Contexte et justification

En entomologie, l’identification traditionnelle des insectes se fait principalement en étudiant leurs aspects morphologiques (macro- ou microscopique), malheureusement cette méthode d’identification requiert (i) l’utilisation de plusieurs clés d’identifications qui ne sont pas toujours efficaces à cause de la présence d’espèces cryptiques non identifiables morphologiquement, et (ii) une solide connaissance en systématique. L’arrivée des méthodes moléculaires a permis de résoudre ce problème. Cette méthode est plus précise pour l’identification des espèces. Toutefois,  cette dernière méthode peut être coûteuse et chronophage. La nouvelle méthode utilisant la spectrométrie de masse pour l’identification rapide des différents pathogènes a été mise en place dans différents domaines de la recherche. Contrairement aux autres méthodes, la spectrométrie de masse analyse directement les macromolécules des différents organismes, notamment les protéines, permettant ainsi d’obtenir des résultats plus rapidement. A Madagascar, MALDI-TOF MS est surtout utilisé en bactériologie et microbiologie.

Objectifs

Mettre en place l’identification des insectes  par spectrométrie de masse MALDI-TOF MS.

Méthodes

Quatre pattes de moustiques, identifiées morphologiquement jusqu’à l’espèce et par PCR pour les espèces cryptiques, ont été utilisées pour la création de la base de données. Après broyage des pattes dans de l’acide formique à 70% et  d’Acétonitrile à 50%, chaque échantillon a été déposé sur plaque à 96 puits puis recouvert par une matrice de CHCA composée d’acide saturer α-cyano-4-hydroxycynnamic, 50% acetonitrile, d’acide trifluoroacétique à 2,5%  et de l’eau de qualité HPLC. L’ensemble a été séché à l’air à la température ambiante, puis lue par MALDI-TOF MS.

Résultats et discussion

Quatre-vingt-dix-neuf individus appartenant à 10 espèces de moustiques potentiellement vecteurs ont été utilisés pour la création de base de données à l’IPM (Figure 1). Une partie de ces espèces appartiennent à des collectes provenant directement des missions de terrain, qui ont été confirmées par l’identification morphologique et moléculaire pour les complexes d’espèces. D’autres espèces de moustique d’élevages en laboratoire ont été aussi utilisées pour compléter cette base de données pour MALDI-TOF.

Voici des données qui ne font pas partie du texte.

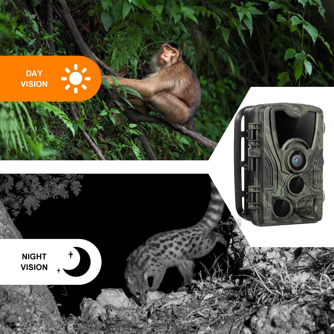- 36 броя IR светодиоди. супер дълъг обхват на откриване до 20 m / 66 фута. Времето за задействане е 0.3 s. бързо непрекъснато снимане. никога не пропускайте важна снимка.

Figure 1. Spectres des 10 espèces vectrices utilisées pour la création de base de données MALDI-TOF MS

MALDI-TOF MS permet d’identifier clairement les espèces même au niveau des complexes d’espèces (cas d’Anopheles gambiae s.l.). L’outil d’identification des moustiques vecteurs par MALDI-TOF MS a été mis en place pour la première fois à Madagascar. La base de données qui servira de référence pour l’IPM a été créée. Nous avons identifié, sans ambigüité, les espèces vectrices, sauvages ou en élevage en laboratoire. Nous avons pu aussi mettre en évidence que les espèces en élevage en laboratoire perdent de leurs spécificités génétiques au fur et à mesure du temps d’élevage. La perspective est actuellement d’approfondir notre connaissance vis-à-vis des biomarqueurs qui correspondent à des poids moléculaires de protéines et qui sont spécifiques des différentes espèces étudiées et de définir ainsi les rôles exacts qu’ils jouent chez chaque espèce.

Impact

L’identification des espèces potentiellement vectrices avec MALDI-TOF MS est facile, rapide, peu coûteuse et peut être réalisé en routine pour les vecteurs dont les spectres ont été créés dans la base de données actuelle.